Hegel considerava o ato de Antígona do ponto de vista da morte. Seu


ato, argumentava, tratava não da vida, mas do morto, “o indivíduo”, o que
tem desdobramentos teóricos sobre conceitos do universal e do particular. E
Freud? Freud criou um campo de saber a partir de um termo, o inconsciente,
que é uma suposição, afinal os termos e noções são suposições. Os
pensadores se desdobram em defender e sustentar suas ideias. Freud os
evidenciou através de uma prática clínica que deu a palavra às mulheres.
Como dizia Ana O., uma clínica de “limpar chaminés”, uma cura pela
palavra. E Antígona? Até hoje seu ato tem efeitos, ou o ato de Sófocles em
sua escrita. Voltemos à Antígona.

Antígona ilustra o que Freud designa sob o termo “perserverança”

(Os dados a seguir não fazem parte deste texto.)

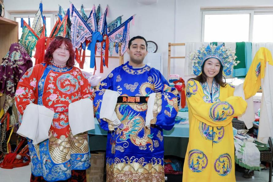 活动期间,研学团在我校的精心安排下,开启了一场融合艺术之美、文化之韵与时代之潮的研学之旅。校园之内,漫步海棠花海,参观写生书画展;舞台之上,昆曲《牡丹亭·寻梦》、留学生京剧联唱《锦绣梨园春》、奥克兰艺术学院合唱团《狮子王》《茉莉花》《天下一家》等经典歌曲同台绽放,以歌声跨越山海;国粹之间,体验京剧妆造与唱念做打,手绘美猴王面具;匠作之中,走进文创艺术馆,在陶泥中体验中国匠心,探索非遗技艺;剧院之内,聆听王唯旖「舍得」独唱音乐会,与演职人员深入交流,让音符成为两国青年心灵相通的桥梁。同时,研学团还走进教师教育学院,与中国学生共舞互赠,以音乐舞蹈搭建跨文化友谊;在美术高中开展书法研学,互赠友谊团扇。

com todas as conotações éticas que a palavra reúne. Ela persiste com
firmeza em seu propósito em sua decisão de sepultar seu irmão. Entre Hegel
e Lacan há uma significativa diferença na leitura do que diz o “Coro”. Para
Hegel o ato de Antígona é o de tornar Polynices um “membro da
comunidade... que o queria destruir”. Pelas leis da cidade ele deveria ser
deixado insepulto, seu corpo seria exposto e se decomporia. Lacan,
psicanalista, que se dizia o mais freudiano de todos, porque soube ler sua
obra, e com perseverança preservava os fundamentos da psicanálise e de
sua clínica diz sobre o ato de Antígona e o canto do Coro: o ato de Antígona
foi um ato de amor ao irmão de sua família Até que instituía um ato de
ruptura com a comunidade. De Antígona se requer ou se a obriga pela
própria pulsão a sustentar seu ato, que é indiferente aos critérios da
comunidade, tais como “a opinião dos outros”.

A ética da psicanálise não trata da relação com o outro, como consta


dos tratados sobre ética na contemporaneidade. Trata do sujeito que como
Antígona passa por uma reviravolta no momento do encontro com o real de
um acontecimento inesperado. O imperativo ético de Lacan: “Não desista de
seu desejo” propõe uma insistência em que o sujeito obstinadamente se
reconcilia com sua própria história.

A perseverança de Antígona até o fim ou o momento de conclusão do


ato que necessariamente a fará se “autorevirar” contrasta com a conversão
de Creonte ao progresso e à modernidade. Voltando a Agamben, que foi mal
compreendido em sua última entrevista no início da pandemia, porque
discorre sobre o estado de exceção e a concepção do Homo Sacer, a vida
nua, daquele cuja vida é insacrificável porém matável é preciso alertar que
este paradigma vem se tornando um paradigma da atualidade. Um espaço
onde todos são Homo Sacer, cuja vida é matável, mesmo sendo
insacrificável. Se Lacan argumenta que Creonte representa o poder
soberano que não conhece limites, Creonte, ao cercar Polynices, além do
limite da morte, prefigura a ciência moderna que cerca o sujeito além da
morte, “aparentemente” sem limites, alargando e estendendo o grau dos
estados de saúde que podem levar à morte, infinitamente extensíveis, como
no exemplo dos neurofisiologistas franceses que nomearam o ‘coma
depassé’, o além-coma.

Vivemos nos dias de hoje uma ruptura em todos os sentidos,


institucional, política, epistemológica. Vivemos os efeitos dessa ruptura.
Devemos, não só as mulheres, insistir em nosso desejo e em nossa
resistência para reconstruirmos juntos, todas e todos, novos paradigmas que
se inscrevam no processo civilizatório.